▸ Material shown:
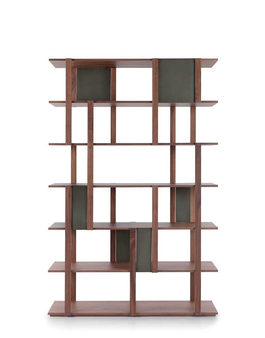 Bibliotecă de sine stătătoare și modulară cu structură și rafturi din nuc canaletto. La cerere, inserții din metal vopsit titan, bronz sau alamă patinata.
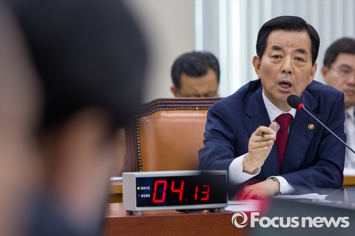 이어 경대수 새누리당 의원이 사드에 대한 유언비어가 난무하고 있는 점을 지적하자 한 장관은 "사드는 군사적으로 효용성이 입증됐고 안전에도 문제가 없다"며 "전자파 문제는 기지 내에 있는 장병에 해당된 것이고 지역주민은 상관없다. 이런 부분을 적극적으로 홍보하겠다"고 답했다.한민구 국방부 장관. 2016.07.11 강진형 기자 한민구 국방부 장관. 2016.07.11 강진형 기자
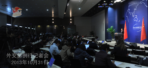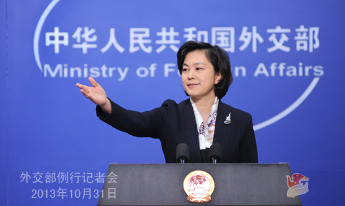 2013年10月31日,外交部發(fā)言人華春瑩主持例行記者會。
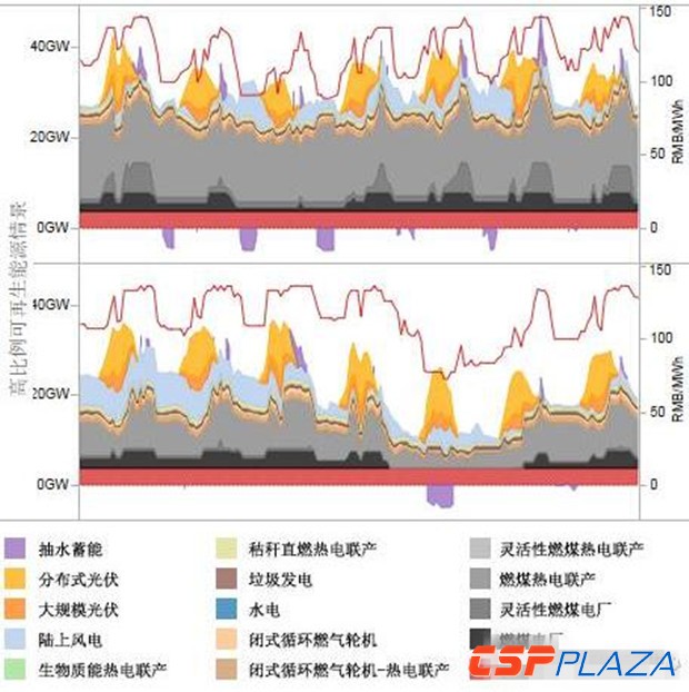 圖:高比(bi)例可再生能源情景(jing)下燃煤電廠在2020年(nian)第12周(上部(bu))和第38周(底(di)部(bu))的(de)靈(ling)活(huo)運營
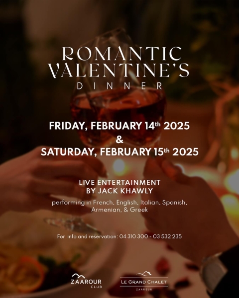 Due to popular demand, we’re extending our Valentine’s Day package at Le Grand Chalet Hotel until February 15. Enjoy a magical evening with a live performance by Jack Khawly. Don’t miss the chance to make unforgettable memories. Reserve your table today!
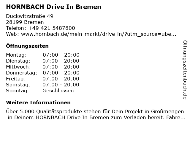 | Öffnungszeiten HORNBACH Drive In Bremen in Bremen anzeigen | |
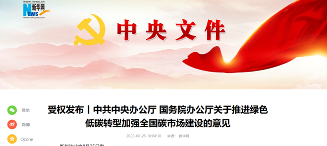 8月25日,新華網(wǎng)發(fā)布《受權(quán)發(fā)布丨中共中央辦公廳 國務(wù)院辦公廳關(guān)于推進(jìn)綠色低碳轉(zhuǎn)型加強(qiáng)全國碳市場(chǎng)建設(shè)的意見》。
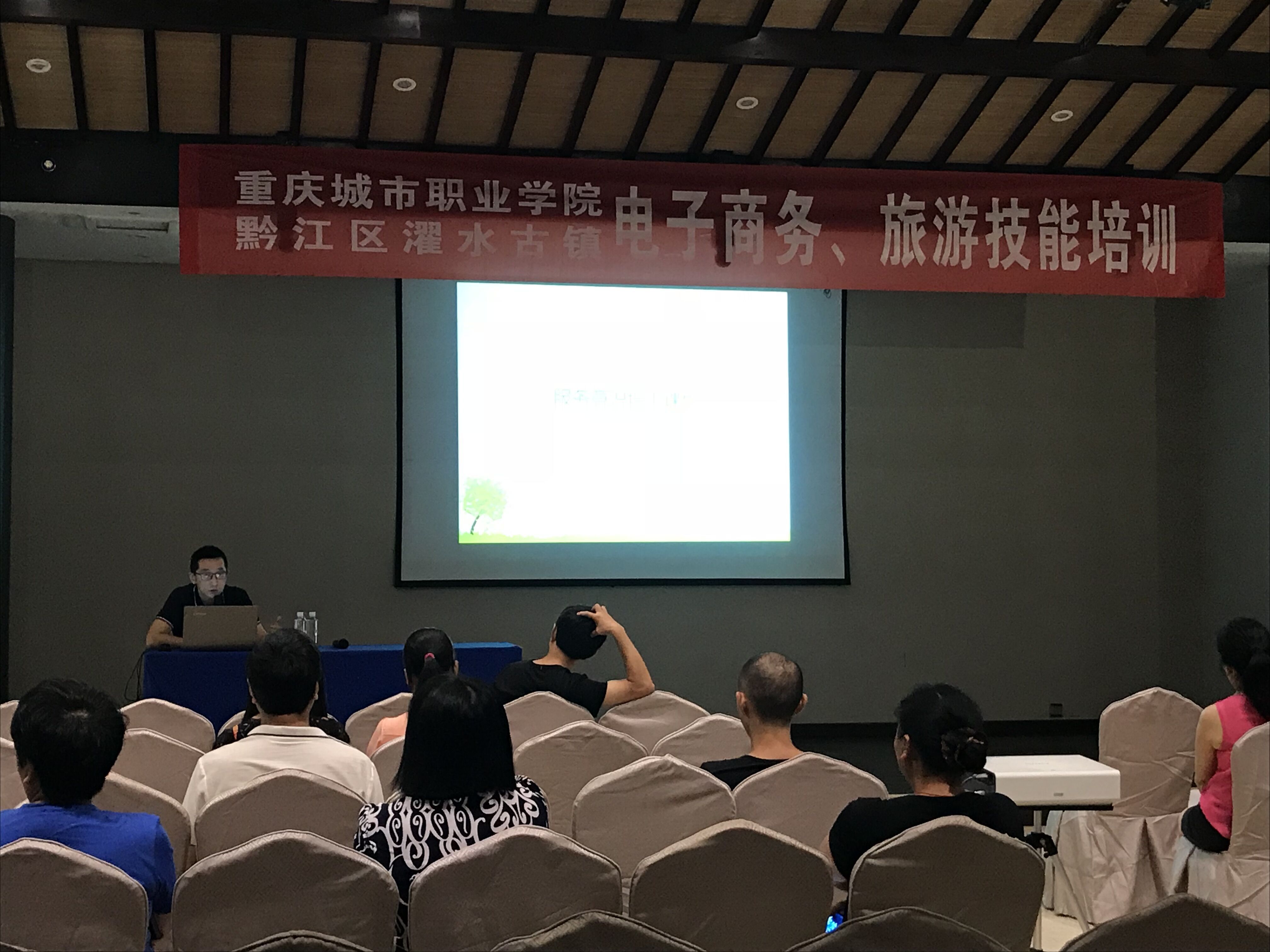 为提升学院社会服务功能,创建良好社会声誉,2018年7月9日—-10日,学院继续教育学院联合工商管理系和旅游管理系,前往黔江区濯水古镇,为当地“客栈联盟”下属的35家酒店客栈商家进行电子商务、旅游技能的培训。
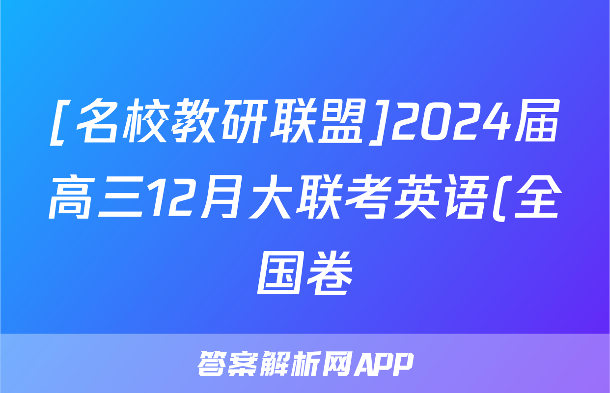 <3、名校教研联盟 2024届高三12月大联考英语(全国卷)试题
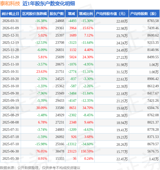 从股价来看,2026年1月9日至2026年3月31日,泰和科技区间跌幅为16.38%,在此期间股东户数减少4493.0户,减幅为15.3%。
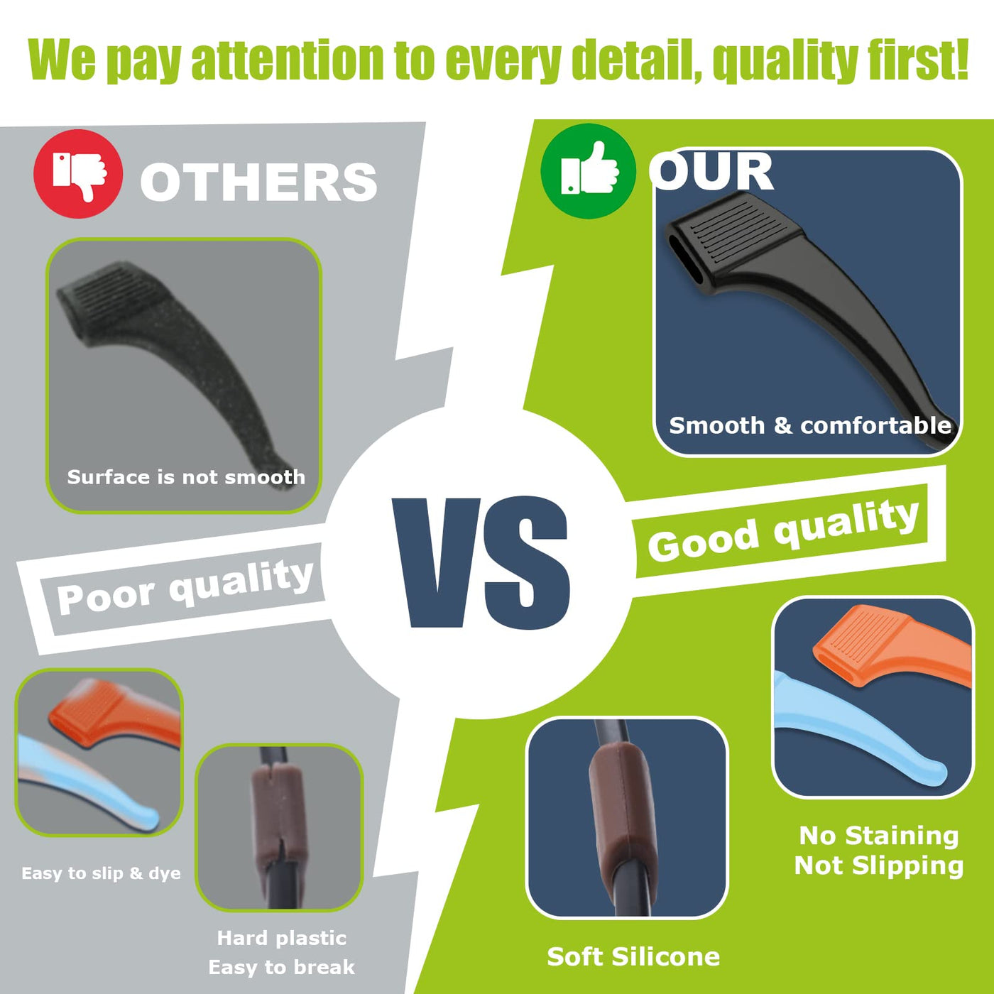 - Good Material: 100% extra soft silicone material, anti slip glasses ear cushion, wont go yellow and solid, and will not harm the skin
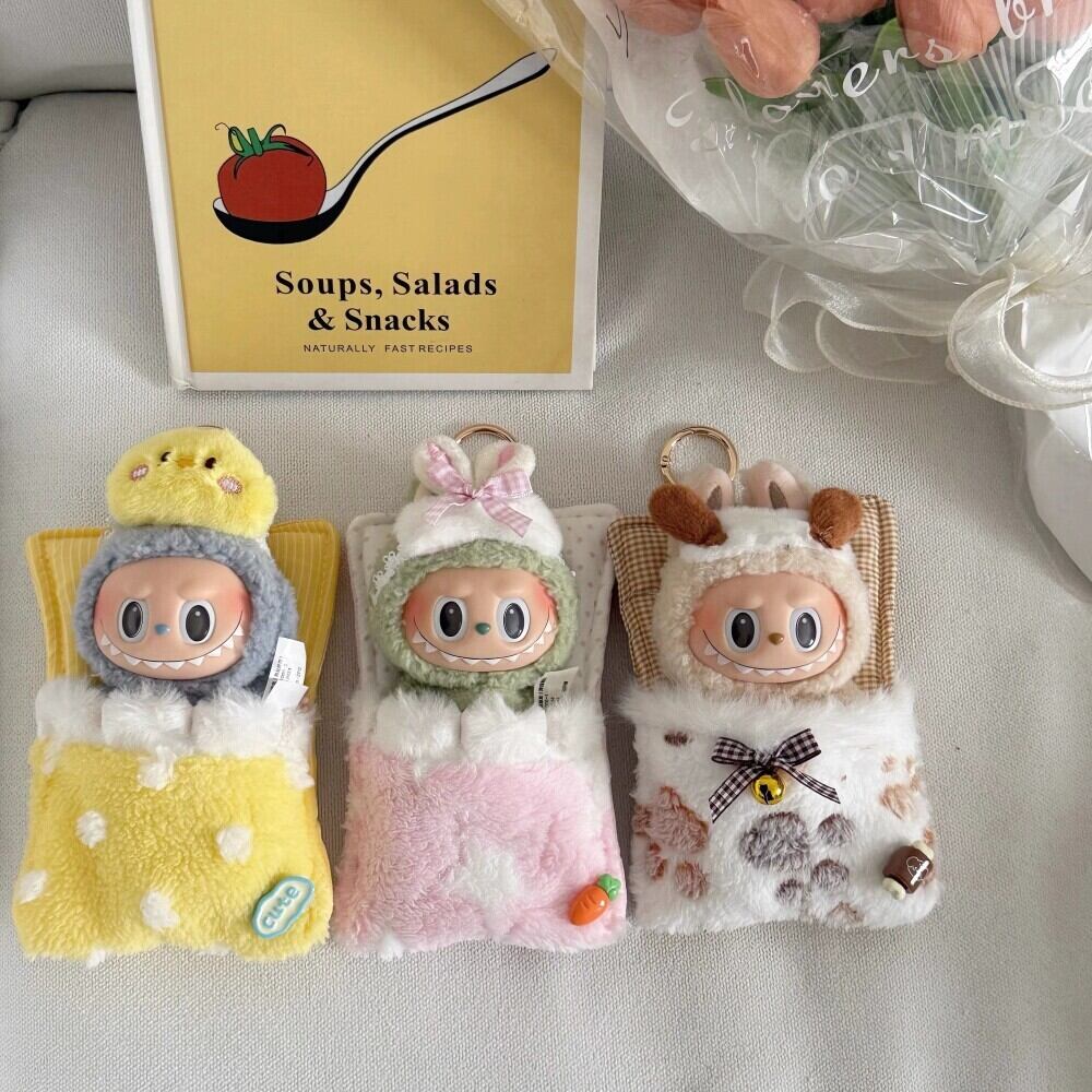 めっちゃ可愛い!ラブブ ゆるかわ スリーパー もふもふケープ 【15/17cm兼用】アヒル くま うさぎ 付き 1/2/3代 ふわふわ ドール服 labubu
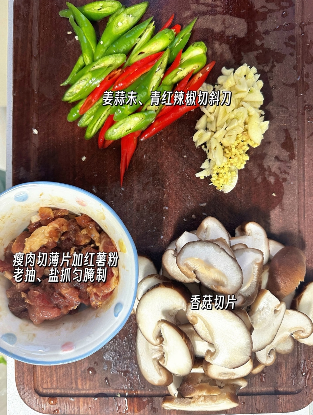 ② 锅里留底油,爆香姜蒜末和青红辣椒圈,火开到最大,倒入香菇片。这时候你会听到"滋啦"一声,这是幸福的开场白!大火快炒是关键,香菇会迅速变软渗出汁水,那个汤汁就是天然的味精。炒到香菇体积缩小一半,边缘微微金黄,大概1分钟。
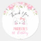 Sticker rond rose Fleur Chaton Visage et Bow Anniversaire Classic Chaton sucré visage thème d'anniversaire autocollant avec un visage de chaton mignon, arc rose, un arrangement floral pour la plupart rose et quelques points de parties scintillant faux or. Idéal pour une fête d'anniversaire à thème pour les chatons de petite fille.
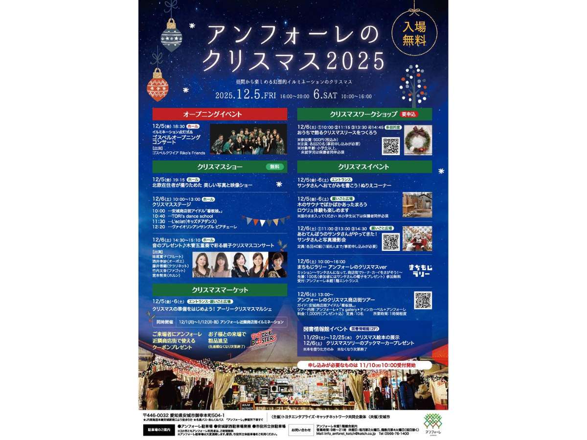 12月5日、12月6日 アンフォーレ(願いごと広場、エントランス、多目的室、近隣商店街) 安城市御幸本町504-1 |
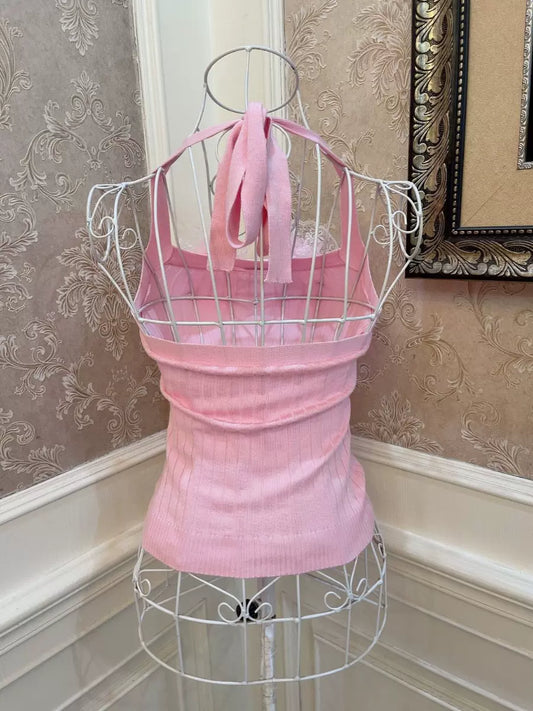 Sweetheart Princess Balletcore Pink Bow Slim Fit Camisole Top
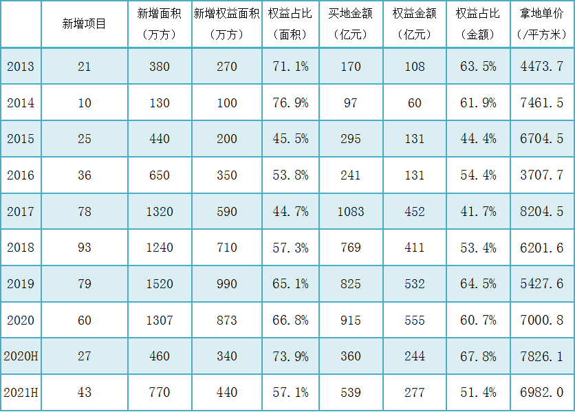 2021年上半年,旭輝拿下了43個(gè)新項(xiàng)目,新增可售貨值1279億元??傄?guī)劃建筑面積約為770萬平方米,其中旭輝權(quán)益占440萬平方米,合同總代價(jià)約為539億元,權(quán)益應(yīng)付277億元,平均土地收購(gòu)成本約為每平方米6982元。
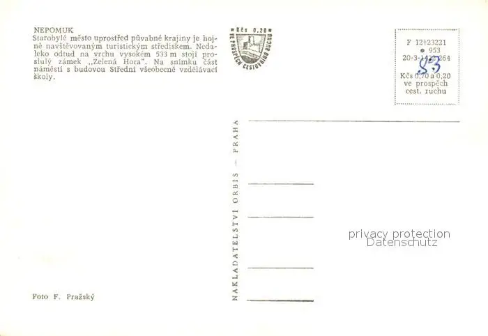 Nepomuk Starobyle mesto uprostred puvabne krajiny je hojne navistevovanym turistickym strediskem Nepomuk postalisch nicht gelaufen nach 1965 Erhaltung siehe scans [WerneD78] WernPID7
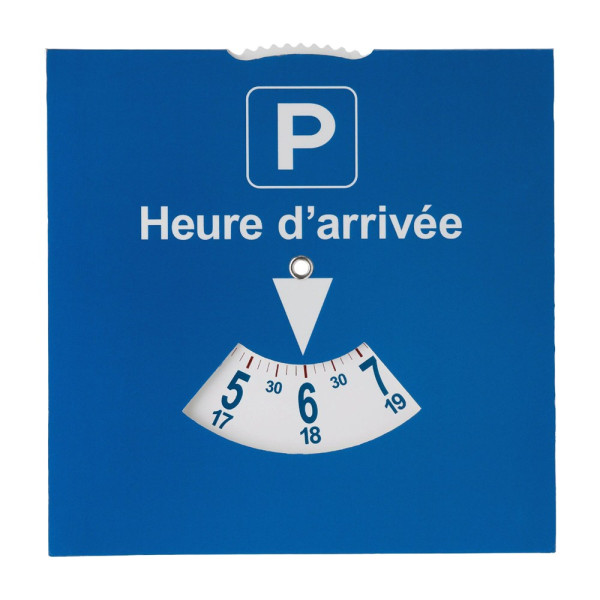 Eine Parkscheibe aus Papier, die den Gesetzen in Frankreich entspricht. Auf der Rückseite der Parkscheibe befindet sich ein großer Druckbereich.
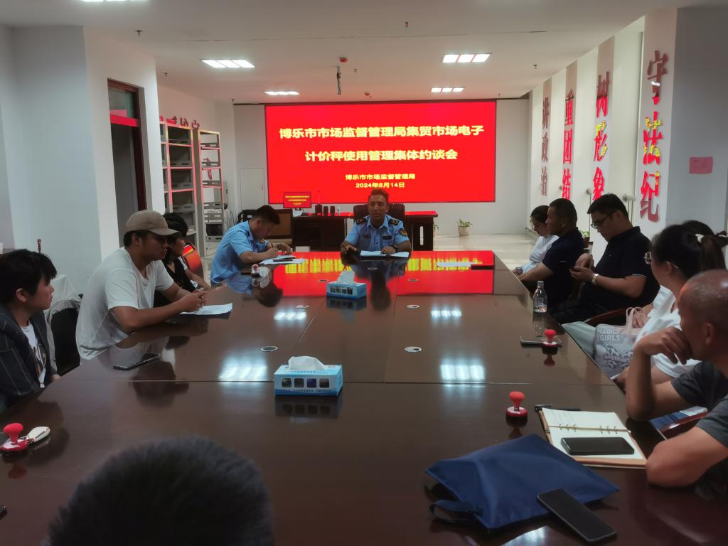 为坚决遏制“短斤少两”的计量违法行为,严守民生计量底线,6月14日,博乐市市场监督管理局组织博乐市14家农贸市场及集贸市场负责人开展电子计价秤使用管理集体约谈会和公开承诺活动。
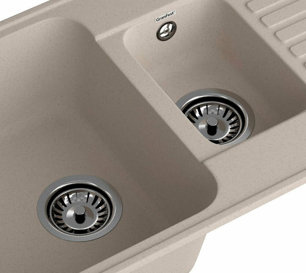Кухонная кварцевая мойка GranFest QUARZ 21, 2-х чашевая, врезная, оборачиваемая, цвет бежевый/Раковина для кухни

▸ Work required:
Retype only the lines from the line with "Eine Parkscheibe aus" through the last line of the data. Keep both ends and skip the pictures.

▸ Exercise answer:
 Eine Parkscheibe aus Papier, die den Gesetzen in Frankreich entspricht. Auf der Rückseite der Parkscheibe befindet sich ein großer Druckbereich.
 为坚决遏制“短斤少两”的计量违法行为,严守民生计量底线,6月14日,博乐市市场监督管理局组织博乐市14家农贸市场及集贸市场负责人开展电子计价秤使用管理集体约谈会和公开承诺活动。
Кухонная кварцевая мойка GranFest QUARZ 21, 2-х чашевая, врезная, оборачиваемая, цвет бежевый/Раковина для кухни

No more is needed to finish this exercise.